In diesem Kapitel werden ausschließlich die länderspezifischen Regelungen betrachtet. Dies bedeutet, dass im Folgenden nur die Ausnahmen von der Grundregel bei der umsatzsteuerlichen Behandlung des grenzüberschreitenden Dienstleistungsverkehrs zwischen Unternehmen (B2B) erläutert werden. Die grundsätzliche Anwendung des Reverse-Charge-Verfahrens wird in dem Kapitel Grundlagen zur Umsatzsteuer beschrieben.
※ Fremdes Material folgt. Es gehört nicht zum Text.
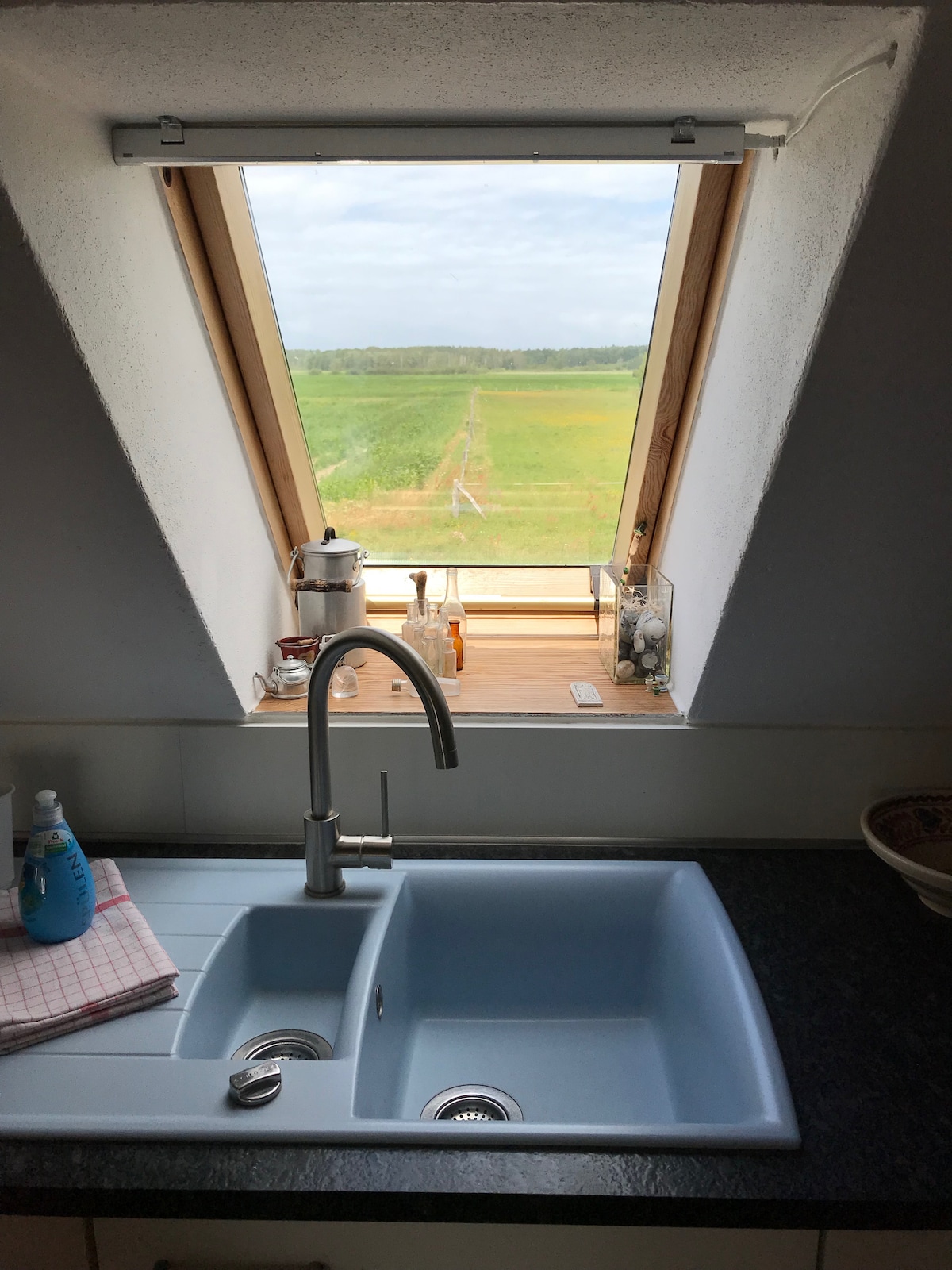 Surrounded only by meadows and fields, hidden behind the village pond, lies the small manor estate with its main house and old stables. For the past five years, we’ve been carefully restoring it, breathing new life into the 1899 estate. On the upper floor of the manor house – a brick building typical for the region – a spacious, light-filled 114 sqm apartment is waiting for you. The old beams are visible once again. The interior is simple and doesn’t distract.
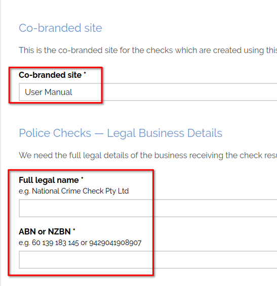 - Choose the co-branded site and supply legal business details
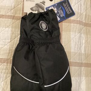 15, Anthracite Our Solid Mittens Black are a must-have for the kid who loves to spend time out in the snow. With insulation to keep little hands warm in temperatures as low as -30° C (-22° F), these mittens feature a brushed microfiber lining, a rubber layer for better gripping, and a weather-resistant coating. A convenient hook makes them easy to hang on a snowsuit or coat. Fabric coated with a polyurethane coating (5000mm/5000g/m²/24hr) which makes it weather resistant and allows moisture to evacuate Cold insulation down to -30°C (or -22°F) The fabric is treated on the outside with a durable and eco-friendly protector for improved water resistance. The fabric's durability is rated on 30 000 rubs wear resistance. Hook for hanging mittens on snowsuits Lower side coated with rubber layer for better adhesion to objects Fixed brushed microfiber lining to keep hands dry Safety reflective elements 100% Polyester Fits true to size From 12 months to 16 years

Die Umsatzsteueridentifikationsnummer (UID-Nr.) ist in Frankreich wie folgt aufgebaut:

  • Bezeichnung der USt-IdNr in der Landessprache: Numéro individuel d’identification à la TVA
  • Abkürzung Aufbau: N° de TVA
  • Länderkennzeichen: FR
  • Anzahl der weiteren Stellen: 11. Die ersten zwei Stellen sind ein Datenverarbeitungsschlüssel und die weiteren neun Stellen entsprechen der SIREN-Nummer (Identifikationsnummer) des jeweiligen Unternehmens

Beispiel: FR 08 123 456 789

Höhe der Umsatzsteuersätze

Die jeweilig anwendbaren Umsatzsteuersätze ergeben sich aus den Artikeln 278 ff. des Code général des Impôts (CGI - Französisches Steuergesetzbuch)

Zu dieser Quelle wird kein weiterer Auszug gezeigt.